--- START ---
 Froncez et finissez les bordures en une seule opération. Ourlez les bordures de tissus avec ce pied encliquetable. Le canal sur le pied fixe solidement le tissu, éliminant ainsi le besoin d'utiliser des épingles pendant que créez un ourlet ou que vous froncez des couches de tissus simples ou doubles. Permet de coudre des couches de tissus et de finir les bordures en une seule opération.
--- END ---
--- START ---
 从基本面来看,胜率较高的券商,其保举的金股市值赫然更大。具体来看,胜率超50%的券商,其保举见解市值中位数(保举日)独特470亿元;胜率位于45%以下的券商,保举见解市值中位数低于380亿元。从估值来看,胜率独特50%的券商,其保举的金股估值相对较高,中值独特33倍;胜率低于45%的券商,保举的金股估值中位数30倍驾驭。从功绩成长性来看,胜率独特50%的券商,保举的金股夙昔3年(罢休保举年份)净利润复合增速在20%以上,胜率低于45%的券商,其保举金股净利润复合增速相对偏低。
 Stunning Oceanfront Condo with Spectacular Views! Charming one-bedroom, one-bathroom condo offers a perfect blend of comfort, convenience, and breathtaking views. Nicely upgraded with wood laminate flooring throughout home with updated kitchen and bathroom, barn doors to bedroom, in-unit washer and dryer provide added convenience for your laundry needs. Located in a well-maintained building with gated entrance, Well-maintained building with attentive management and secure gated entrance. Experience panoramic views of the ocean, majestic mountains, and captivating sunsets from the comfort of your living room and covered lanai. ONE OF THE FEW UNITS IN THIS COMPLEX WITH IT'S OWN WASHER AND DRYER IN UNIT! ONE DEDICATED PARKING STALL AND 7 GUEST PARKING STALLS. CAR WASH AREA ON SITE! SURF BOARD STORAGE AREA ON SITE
--- END ---
--- START ---
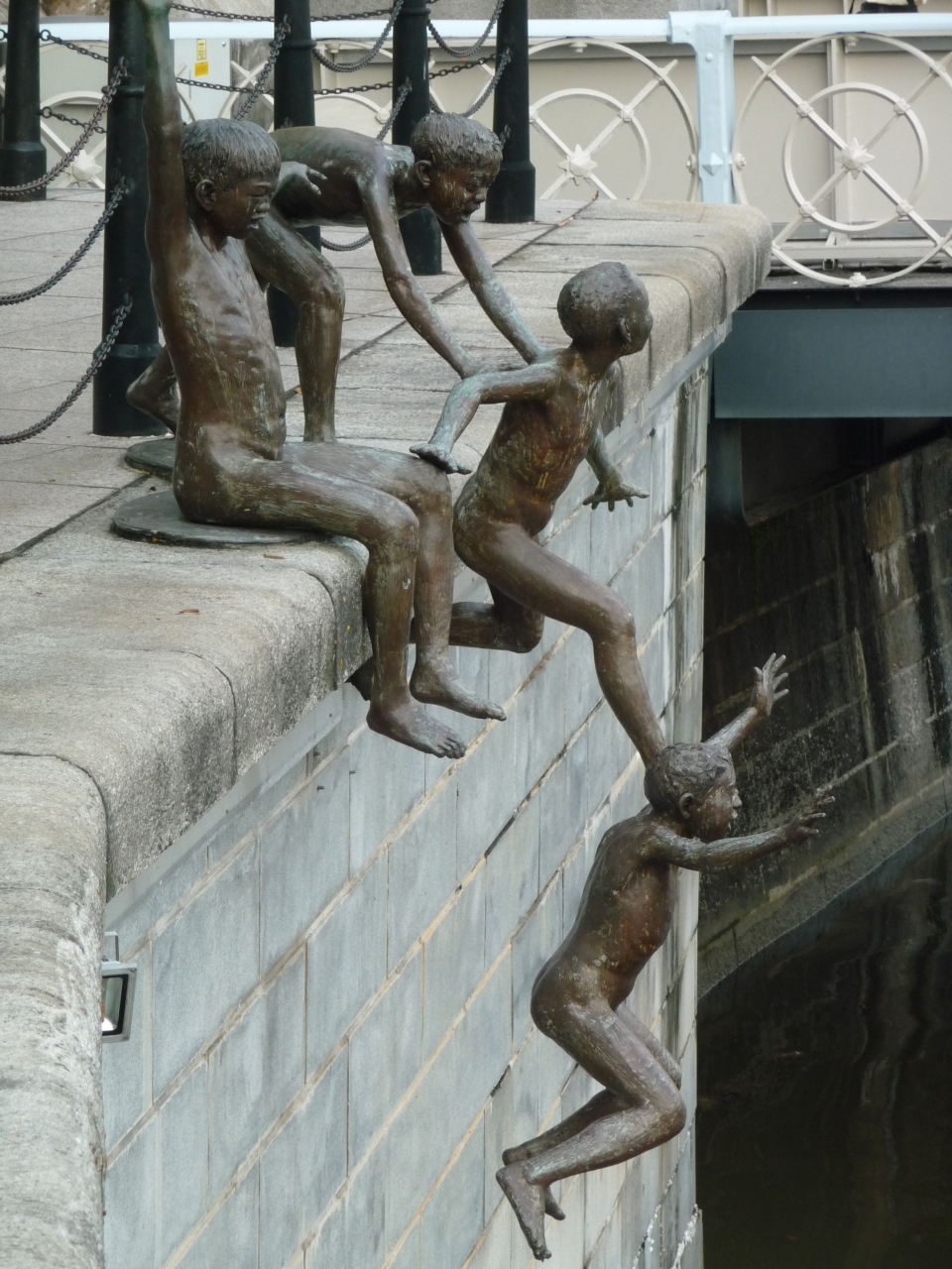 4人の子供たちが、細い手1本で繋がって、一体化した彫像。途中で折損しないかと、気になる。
--- END ---
_Problem to work on_
Return, with no change at all, every line in the entries above from the line containing "从基本面来看,胜率较高的券商" through the line containing "Stunning Oceanfront Condo".

_Task solution_
 从基本面来看,胜率较高的券商,其保举的金股市值赫然更大。具体来看,胜率超50%的券商,其保举见解市值中位数(保举日)独特470亿元;胜率位于45%以下的券商,保举见解市值中位数低于380亿元。从估值来看,胜率独特50%的券商,其保举的金股估值相对较高,中值独特33倍;胜率低于45%的券商,保举的金股估值中位数30倍驾驭。从功绩成长性来看,胜率独特50%的券商,保举的金股夙昔3年(罢休保举年份)净利润复合增速在20%以上,胜率低于45%的券商,其保举金股净利润复合增速相对偏低。
 Stunning Oceanfront Condo with Spectacular Views! Charming one-bedroom, one-bathroom condo offers a perfect blend of comfort, convenience, and breathtaking views. Nicely upgraded with wood laminate flooring throughout home with updated kitchen and bathroom, barn doors to bedroom, in-unit washer and dryer provide added convenience for your laundry needs. Located in a well-maintained building with gated entrance, Well-maintained building with attentive management and secure gated entrance. Experience panoramic views of the ocean, majestic mountains, and captivating sunsets from the comfort of your living room and covered lanai. ONE OF THE FEW UNITS IN THIS COMPLEX WITH IT'S OWN WASHER AND DRYER IN UNIT! ONE DEDICATED PARKING STALL AND 7 GUEST PARKING STALLS. CAR WASH AREA ON SITE! SURF BOARD STORAGE AREA ON SITE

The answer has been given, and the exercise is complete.